I stared through the driver side window of my car. There were my keys, dangling from the ignition. All the doors, of course, were locked up as tight as a drum, and the keys were sneering at me and thumbing their noses.

"Ooops!" I said, feeling mildly embarrassed.

"What you need now," said Robin, "is a coat hanger. I'm a bit out of practice, but once upon a time I was a dab hand with a coat hanger. The stories I could tell..."

"Unfortunately," I said, "I emptied all the coat hangers out of my pockets this morning before we left the hotel. I think I must have accidentally put a breeding pair in my trousers. They had several litters overnight, and my trousers were starting to look terribly angular. I couldn't walk in a straight line any more. It was getting quite ridiculous."

"I thought you were clanking a bit yesterday," said Robin. "So can I take it then that you don't have any coat hangers at all now?".

"Not a single one," I said. "I hung them all back up in the wardrobe and closed the door to give them some privacy."

"That's a shame," said Robin. "Oh well, I suppose there's nothing else for it. You'll have to call the AA. I'm sure they'll be able to help. And they probably won't laugh at you at all, though they may well smirk a lot. They are bound to have access to a coat hanger. I'm sure it's a standard item of AA tool box equipment."

One of my regular stops on the information superhighway is John Scalzi's blog Whatever. He has an intermittent feature called The Big Idea in which he invites guest posters of whom I have heard to present an essay in which they try to persuade me to read their new novel. Mostly I remain unconvinced, but sometimes something catches my fancy and I follow up on it. One recent Big Idea piece was by David D. Levine. It concerned his novel Arabella of Mars. I found what he had to say quite intriguing...
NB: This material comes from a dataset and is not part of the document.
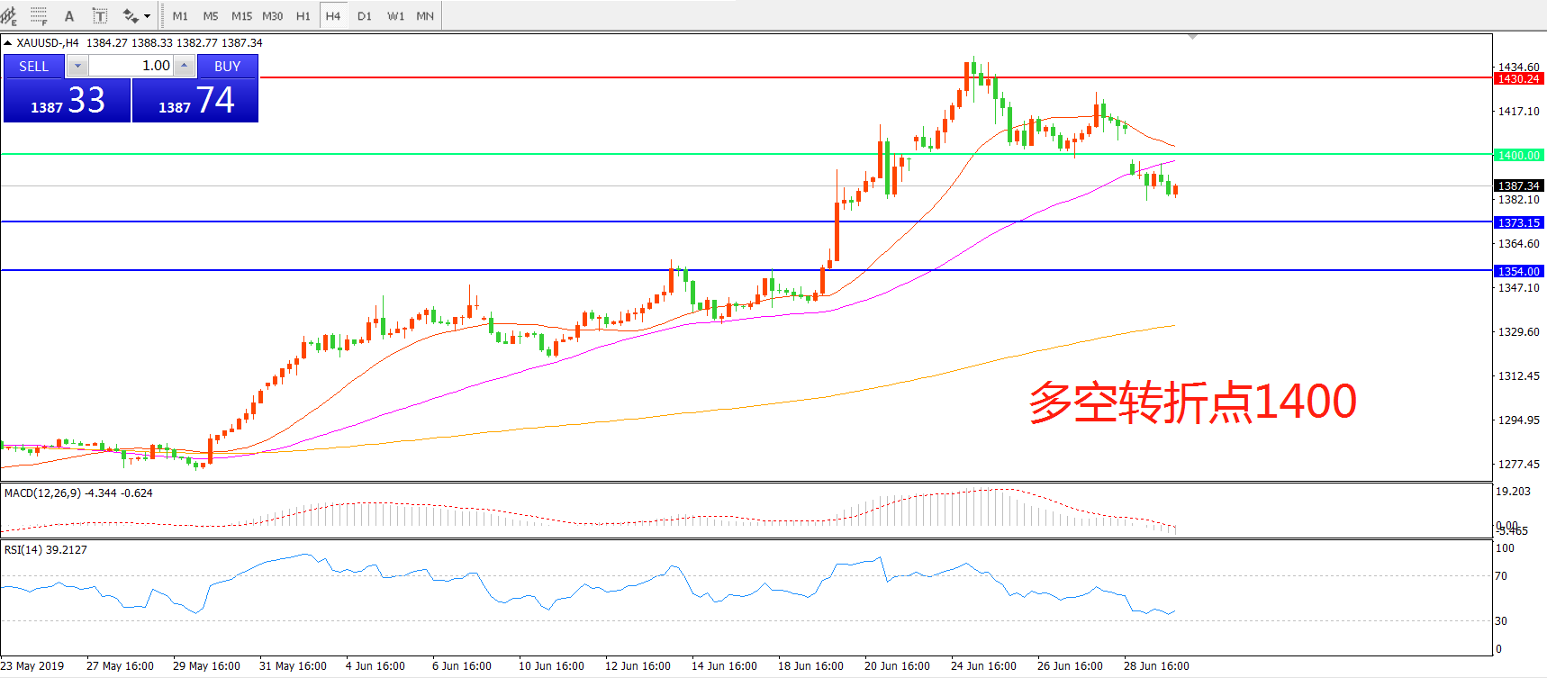 中美双方同意重启贸易谈判,令市场风险情绪大受鼓舞,同时美国最新出炉的ISM制造业指数表现强劲,美元跳升至日内高点,引发金价获利了结,日内收报1387.09美元/盎司。之前受美伊紧张关系的影响,现货黄金上周一度触及六年高位至1438.63美元/盎司,目前已经从这一高位回落约50美元,对趋势交易者来说,这波回调是很好的逢低买入契机。而据周二(7月2日)亚市早盘最新消息报道,美国提出对欧盟40亿美元的商品加征关税,搅动全球市场的特朗普依然是全球市场“风险“的主要来源。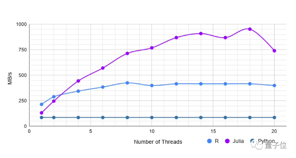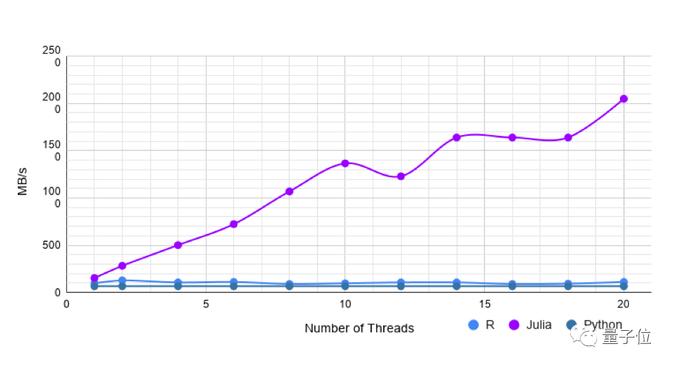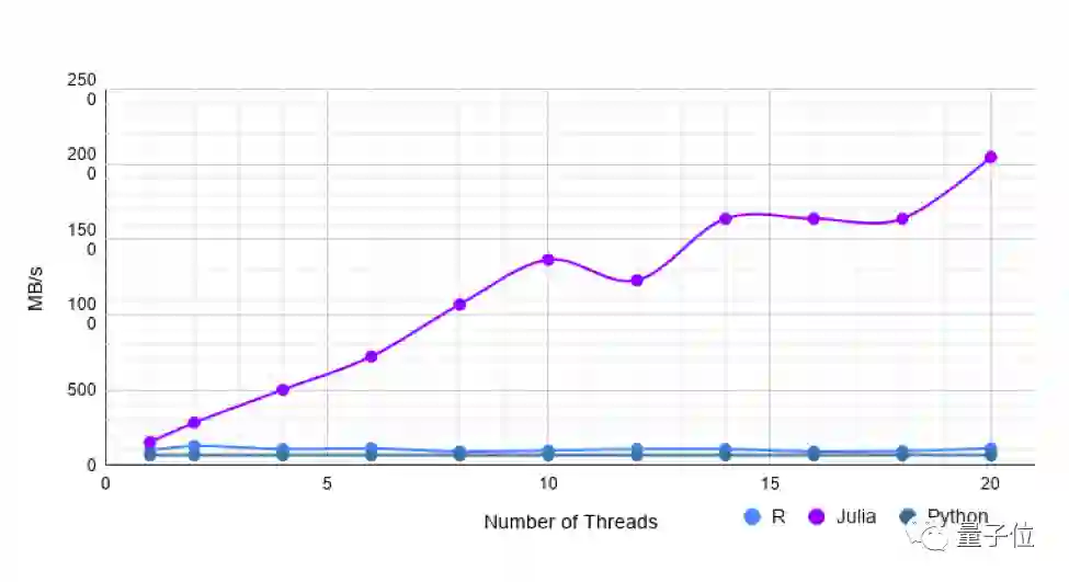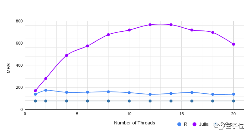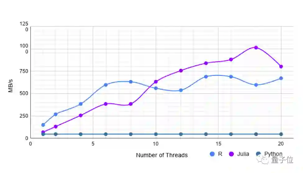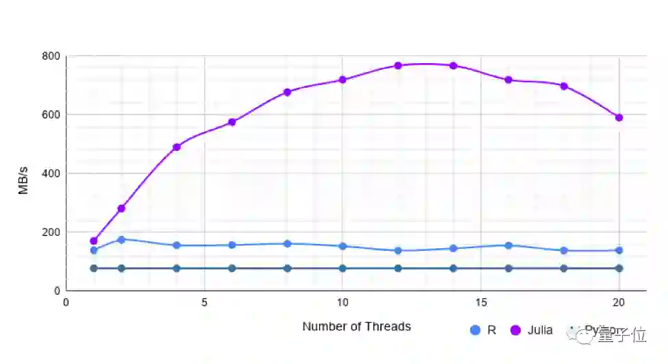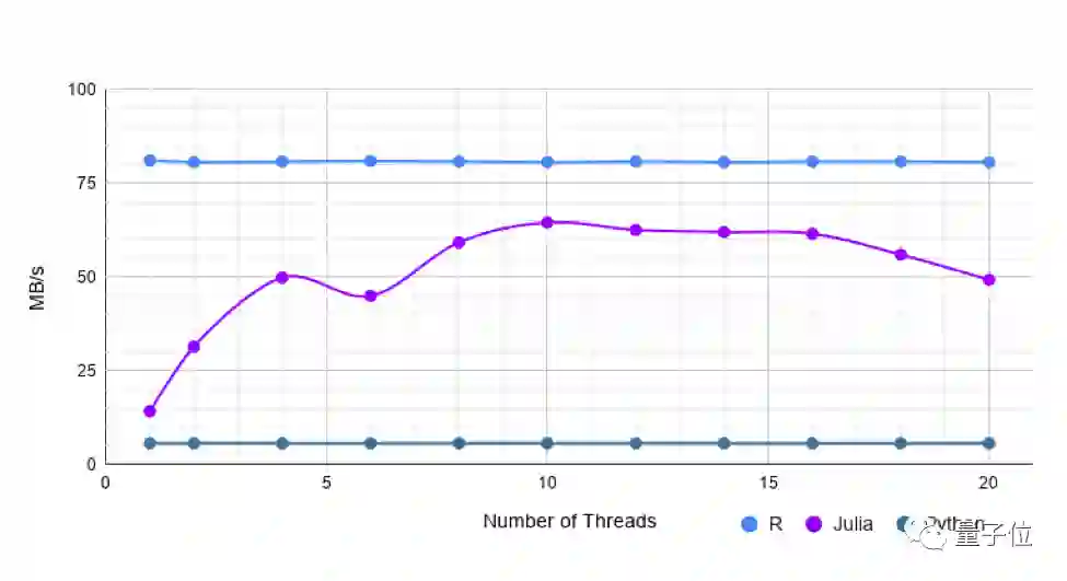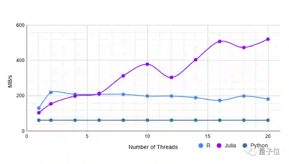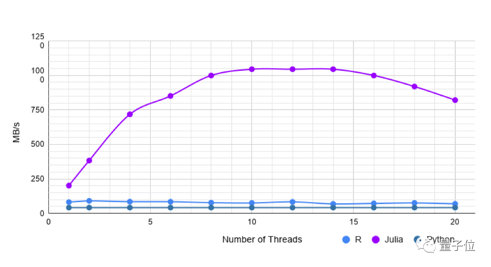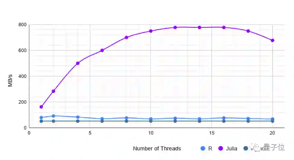 但是,使用更多线程,Julia的速度与R一样快或稍快。

Levine's premise is that there exists an atmosphere encompassing the whole of the solar system and sailing boats ply the shipping lanes between the planets. In this universe, Isaac Newton is revered as the discoverer of the buoyancy principle that allows the ships to float up from the surface of a planet into the interplanetary atmosphere. Newton discovered the phenomenon one day when a soap bubble from his bath rose up into the air...

The novel opens on Mars in the year 1812, at the height of the Napoleonic war. Arabella Ashby and her brother are playing a game in the Martian desert that surrounds their house. Something goes wrong, Arabella is injured, and, much against her will, she is returned to England in the company of her mother where she will hopefully take up her place in polite society. However she discovers a plot against her family and is forced to disguise herself as a boy and take passage on a ship to back to Mars in the hope of rescuing her family from death and disgrace.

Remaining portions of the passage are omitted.